More details about the correctness of the proposed complementation framework, its complexity, and its experimental evaluation can be found in [74]. We want, however, to give some more detail about the use of RABIT to solve the language inclusion problem the teacher may need to answer in an equivalence query \(\mathrm {EQ}(\mathcal {F})\). As said above, RABIT is equipped with a powerful set of heuristics; among others, RABIT makes use of the following ones, in an increasing order of their efficacy and amount of computation they need: (1) try simple automata-pruning algorithms, which help in reducing the size of the considered automata; (2) try delayed simulations, which is intended to prove the language inclusion by analyzing the structure of the automata; (3) if inclusion was not established in step 2 then try to find a counterexample to inclusion by the Ramsey-based method [3, 4] with a small timeout value; (4) if no counterexample was found in step 3 then try the automata minimization algorithms proposed in [33], which simplify the two automata by changing their languages while preserving their language inclusion relationship.
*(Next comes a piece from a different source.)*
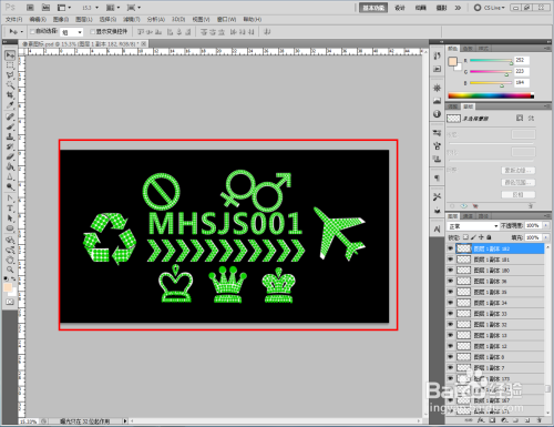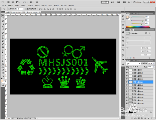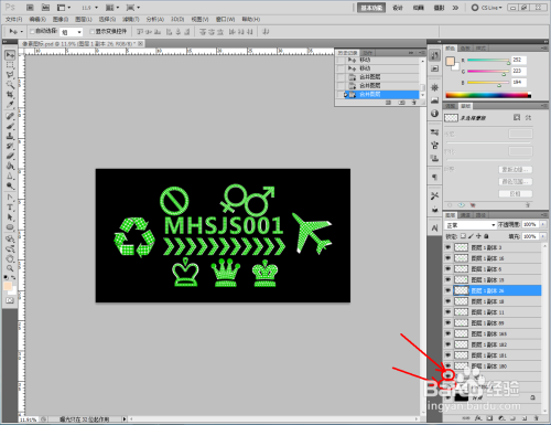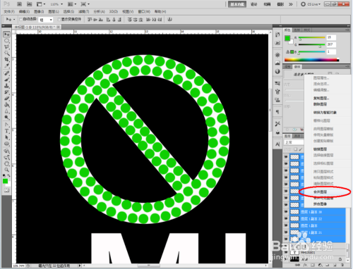 经由过程对绿圆图案的移动复制,以前面建造好的辅助图案为参考,建造出辅助图案1的像素图标。选中所有绿圆图层,点击鼠标右键-【归并图层】进行图层归并。按照同样的步调,完当作其他像素图标的建造后,将辅助图案图层埋没(如图所示);
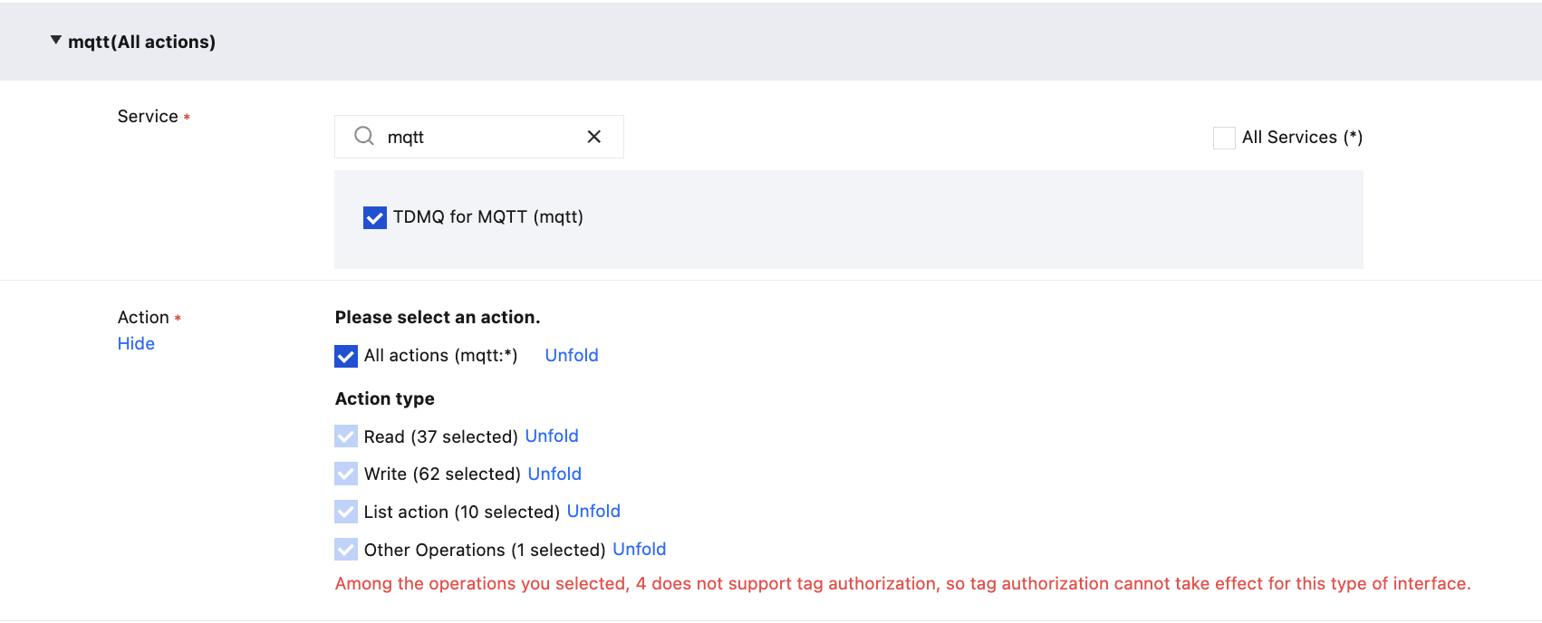 3. In the Visual Strategy Generator, enter mqtt in Service to filter, select TDMQ for MQTT (mqtt) from the results, choose All actions (*) under Actions, or select corresponding operations as needed.

Since these heuristics are not complete, RABIT uses as the last resort the Ramsey-based inclusion testing algorithms already used in step 3, this time without timeout, to finally decide whether the language inclusion holds. From the experimental evaluation presented in [74] we can see that the learning-based complementation algorithm is really effective in getting the complement automaton, in particular when the automaton to be complemented is of large size. One interesting thing we noted in the experiments is that the automaton \(B_{\mathcal {F}}\) used in the check \(\mathcal {L}(B_{\mathcal {F}}) \cap \mathcal {L}(A) = \emptyset \) can change sensibly between an equivalence query and the following one, which makes it difficult to predict how much RABIT is able to exploit its heuristics. Anyway, in very few cases RABIT needed to use the Ramsey-based inclusion testing algorithms to finally decide whether the language inclusion holds, which usually consumes most of the running time in the corresponding experiment.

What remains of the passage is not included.